- **WORK ITEM**: Only one stretch of the listing below is wanted. Begin at the line that has "probably in Florida.", stop after the line that has "Transform your writing", and repeat every line in between exactly.
++++ DATA EXCERPTS
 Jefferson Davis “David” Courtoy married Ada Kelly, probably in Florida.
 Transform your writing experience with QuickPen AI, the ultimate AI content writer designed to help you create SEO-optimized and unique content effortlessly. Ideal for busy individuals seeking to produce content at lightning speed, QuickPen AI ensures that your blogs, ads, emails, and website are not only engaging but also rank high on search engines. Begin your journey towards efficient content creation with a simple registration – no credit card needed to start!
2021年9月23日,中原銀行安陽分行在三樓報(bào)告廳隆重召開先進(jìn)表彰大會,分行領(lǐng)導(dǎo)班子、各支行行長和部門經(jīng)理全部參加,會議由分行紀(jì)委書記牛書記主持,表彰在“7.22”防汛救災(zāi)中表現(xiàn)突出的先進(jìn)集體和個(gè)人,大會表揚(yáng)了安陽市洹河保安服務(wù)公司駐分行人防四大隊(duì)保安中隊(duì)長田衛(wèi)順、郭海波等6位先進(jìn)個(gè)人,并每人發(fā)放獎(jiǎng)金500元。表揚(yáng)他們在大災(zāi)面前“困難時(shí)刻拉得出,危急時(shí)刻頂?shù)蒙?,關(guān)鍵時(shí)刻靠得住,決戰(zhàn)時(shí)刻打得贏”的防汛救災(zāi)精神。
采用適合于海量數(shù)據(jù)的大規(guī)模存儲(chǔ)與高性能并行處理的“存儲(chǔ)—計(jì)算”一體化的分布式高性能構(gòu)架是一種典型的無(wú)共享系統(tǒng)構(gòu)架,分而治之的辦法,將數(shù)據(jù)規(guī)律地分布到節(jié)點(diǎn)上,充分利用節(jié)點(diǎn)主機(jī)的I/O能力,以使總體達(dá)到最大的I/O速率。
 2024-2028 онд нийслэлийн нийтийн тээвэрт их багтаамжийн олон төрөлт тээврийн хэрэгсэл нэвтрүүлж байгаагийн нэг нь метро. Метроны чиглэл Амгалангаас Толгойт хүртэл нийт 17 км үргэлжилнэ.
++++++++
++++ DATA EXCERPTS
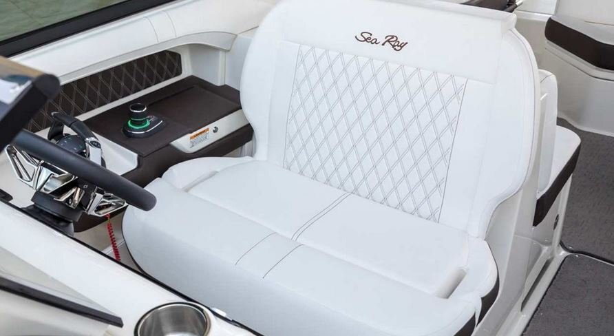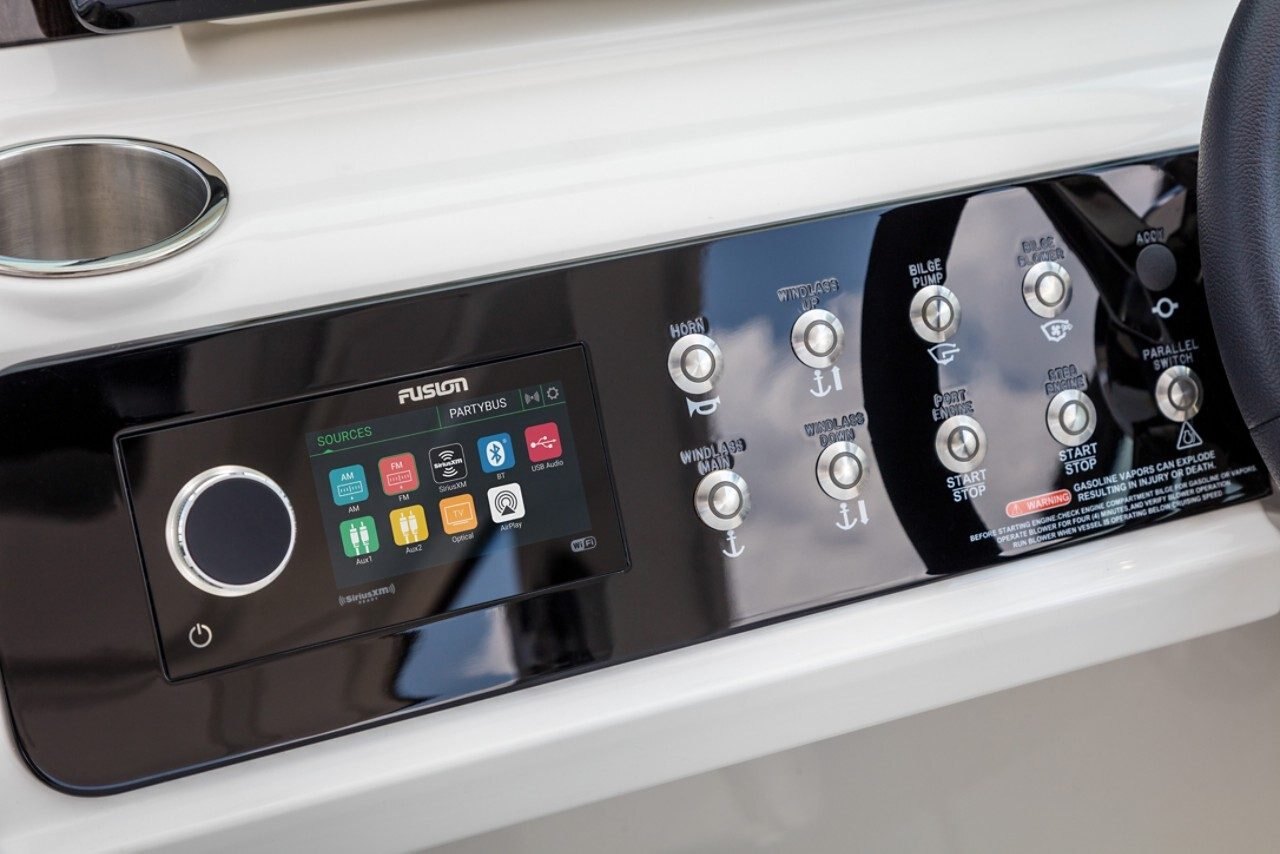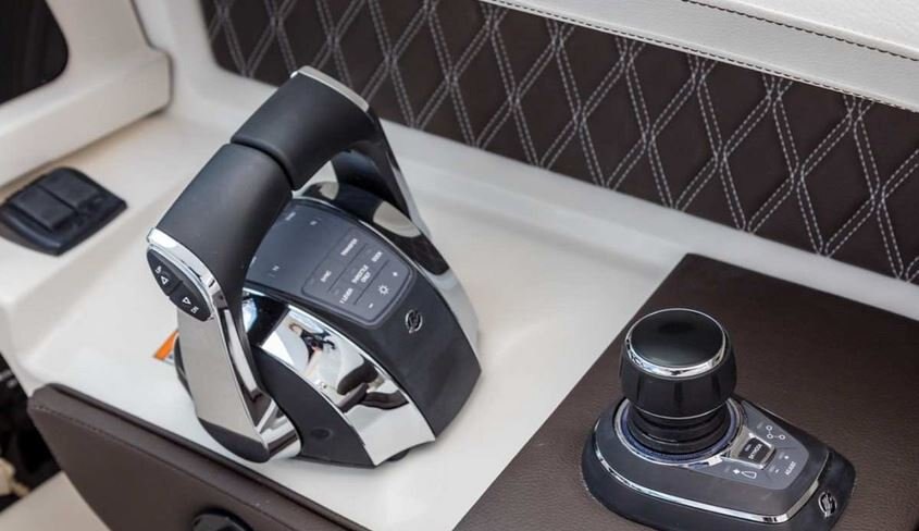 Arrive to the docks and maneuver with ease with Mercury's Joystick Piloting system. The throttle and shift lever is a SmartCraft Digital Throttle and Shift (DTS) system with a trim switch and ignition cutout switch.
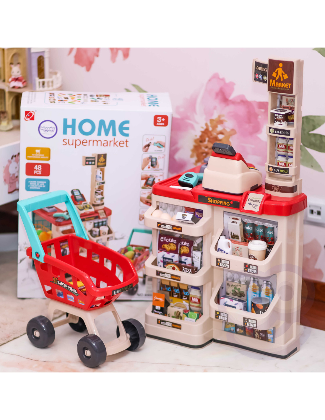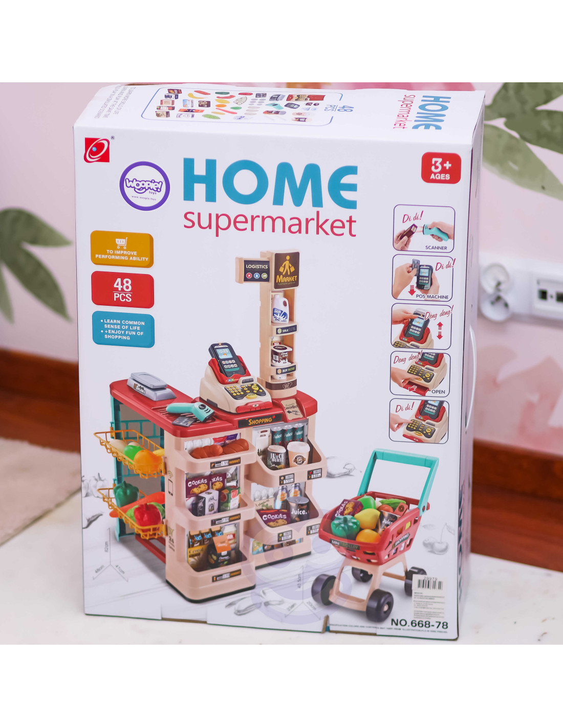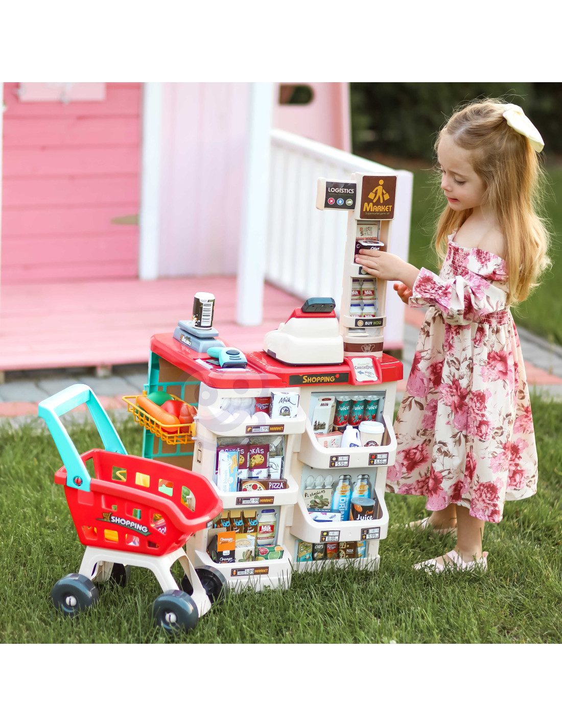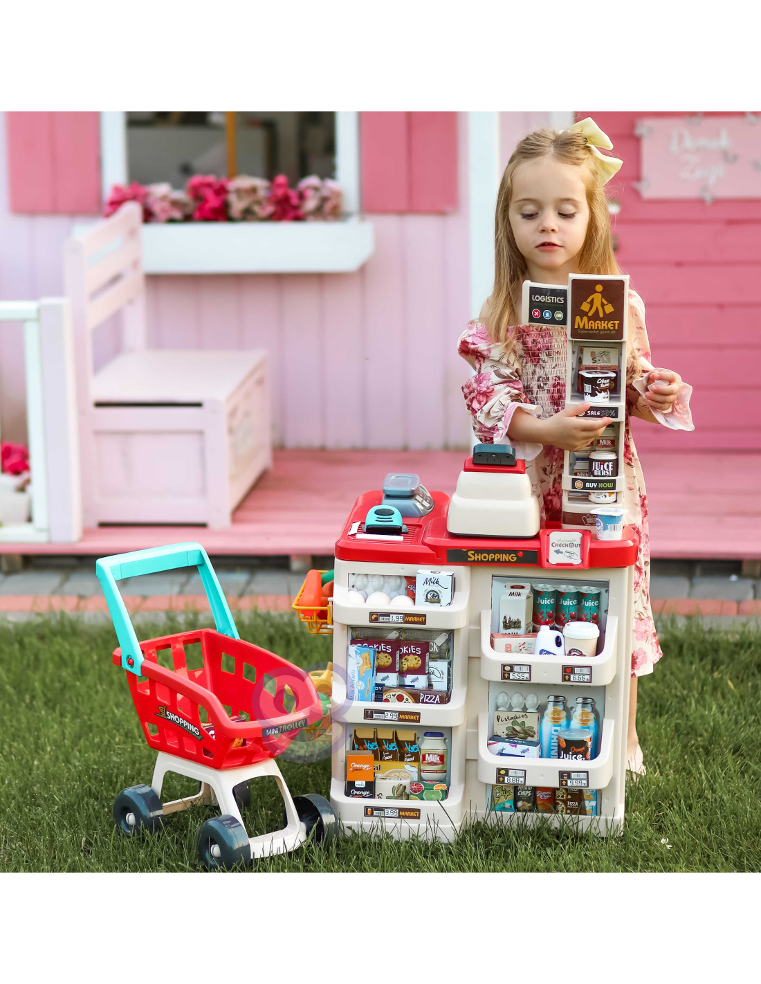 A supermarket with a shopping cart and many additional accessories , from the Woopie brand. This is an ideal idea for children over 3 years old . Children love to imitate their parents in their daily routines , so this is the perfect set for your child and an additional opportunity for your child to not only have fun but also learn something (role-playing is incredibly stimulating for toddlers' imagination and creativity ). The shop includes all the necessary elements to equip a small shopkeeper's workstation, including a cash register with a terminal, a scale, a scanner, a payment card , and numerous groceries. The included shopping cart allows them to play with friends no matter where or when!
++++++++
- **EXERCISE ANSWER**:
 Jefferson Davis “David” Courtoy married Ada Kelly, probably in Florida.
 Transform your writing experience with QuickPen AI, the ultimate AI content writer designed to help you create SEO-optimized and unique content effortlessly. Ideal for busy individuals seeking to produce content at lightning speed, QuickPen AI ensures that your blogs, ads, emails, and website are not only engaging but also rank high on search engines. Begin your journey towards efficient content creation with a simple registration – no credit card needed to start!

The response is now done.